Cells with the density of 1×10⁴ were cultured in a 24-well plate and incubated at 5% CO₂ for 24 hours, and then were treated with different concentrations of DEA for 48 hours. To study the morphology of cell nuclei, each well of the plate was washed twice with PBS and stained for 15 minutes with 100 µL of PBS containing 10 µL of the Hoechst solution (50 μg/mL, Sigma-Aldrich, USA). The morphology of the cytoplasm was investigated with acridine orange (5 μg/mL) for 2 minutes (the working solution was prepared by adding 10 µL of the acridine orange 100 µL of PBS. The morphology was analyzed using the inverted fluorescent microscope (Olympus, IX70) equipped with a camera (DP72), and a photograph was taken at 200 magnifications. In addition, measurements were conducted using Motic Image software (Micro-Optical Group Company, version 1.2) the diameter of the nuclei and the area of the cytoplasm were reported in μm and μm², respectively.
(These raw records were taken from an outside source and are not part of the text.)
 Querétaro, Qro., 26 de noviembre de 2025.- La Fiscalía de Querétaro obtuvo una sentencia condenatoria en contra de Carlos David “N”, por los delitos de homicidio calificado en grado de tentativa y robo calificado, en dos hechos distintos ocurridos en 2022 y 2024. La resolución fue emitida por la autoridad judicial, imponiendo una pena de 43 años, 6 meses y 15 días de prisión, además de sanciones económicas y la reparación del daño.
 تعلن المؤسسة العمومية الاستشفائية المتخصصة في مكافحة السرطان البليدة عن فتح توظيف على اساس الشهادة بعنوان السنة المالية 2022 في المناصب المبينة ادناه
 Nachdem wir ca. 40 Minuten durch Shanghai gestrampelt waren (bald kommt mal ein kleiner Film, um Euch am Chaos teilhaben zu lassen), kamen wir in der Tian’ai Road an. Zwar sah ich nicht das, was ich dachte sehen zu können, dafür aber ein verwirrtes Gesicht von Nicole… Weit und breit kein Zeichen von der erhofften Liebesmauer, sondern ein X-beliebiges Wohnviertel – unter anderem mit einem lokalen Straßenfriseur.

Cell Proliferation Analysis

Cell proliferation was determined using two analyses as follow:

1. Colony Forming Assay

Cells with a density of 5×10⁴ were cultured in a 3 cm sterile plate for 24 hours. Further, the attached cells were treated with DEA contaminated media for 7 and 14 days with every 3 days of media replacement. To study the colony-forming ability (CFA), the monolayer of the cells was stained with the crystal violet solution (0.5% in methanol) for 15 minutes at room temperature. Furthermore, photography was carried out using an ordinary digital camera (macroscopic study) and a light microscope equipped with a camera (microscopic study). To estimate the colony diameter, a graticule eyepiece was used and the diameter was reported in μm.
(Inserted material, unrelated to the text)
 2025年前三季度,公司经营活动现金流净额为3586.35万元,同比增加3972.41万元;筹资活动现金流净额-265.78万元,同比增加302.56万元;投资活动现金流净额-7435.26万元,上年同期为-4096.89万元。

2. Population Doubling Number

The population doubling number (PDN), which refers to the total number of times the cells have doubled, was estimated when 1×10⁴ cells were plated in a 3 cm sterile plate for 24 hours. The cells were treated with DEA contaminated media for 2, 4, and 8 days. Then, the plates were washed twice with PBS, and the cells were detached using trypsin/EDTA. The number of cells was determined using a hemocytometer camber and the PDN was calculated using the formula PDN = logN/N0×3.31 (32). In the above-mentioned formula, N0 is the initial number of cells and N denotes the cell number after 2, 4, and 8 days.

Extraction of Cell Content

After 48 hours of DEA treatment, cells were removed from the flask and centrifuged for 5 minutes at 2500 rpm. Then, they were washed with tris-hydrochloric acid (20 mM tris-HCl, pH=7.2) and frozen overnight to break the cell membrane. Then, the homogenate was thawed and centrifuged for 10 minutes at 12 000 rpm. The total protein content of the extract was estimated by the Lowry method using bovine serum albumin as the standard. The concentration of samples was calculated using the linear formula Y=0.0009X+0.0391 with R²=0.999. In the above-mentioned formula, Y and X represent absorbance and the concentration (μg) of the total protein in each sample, respectively.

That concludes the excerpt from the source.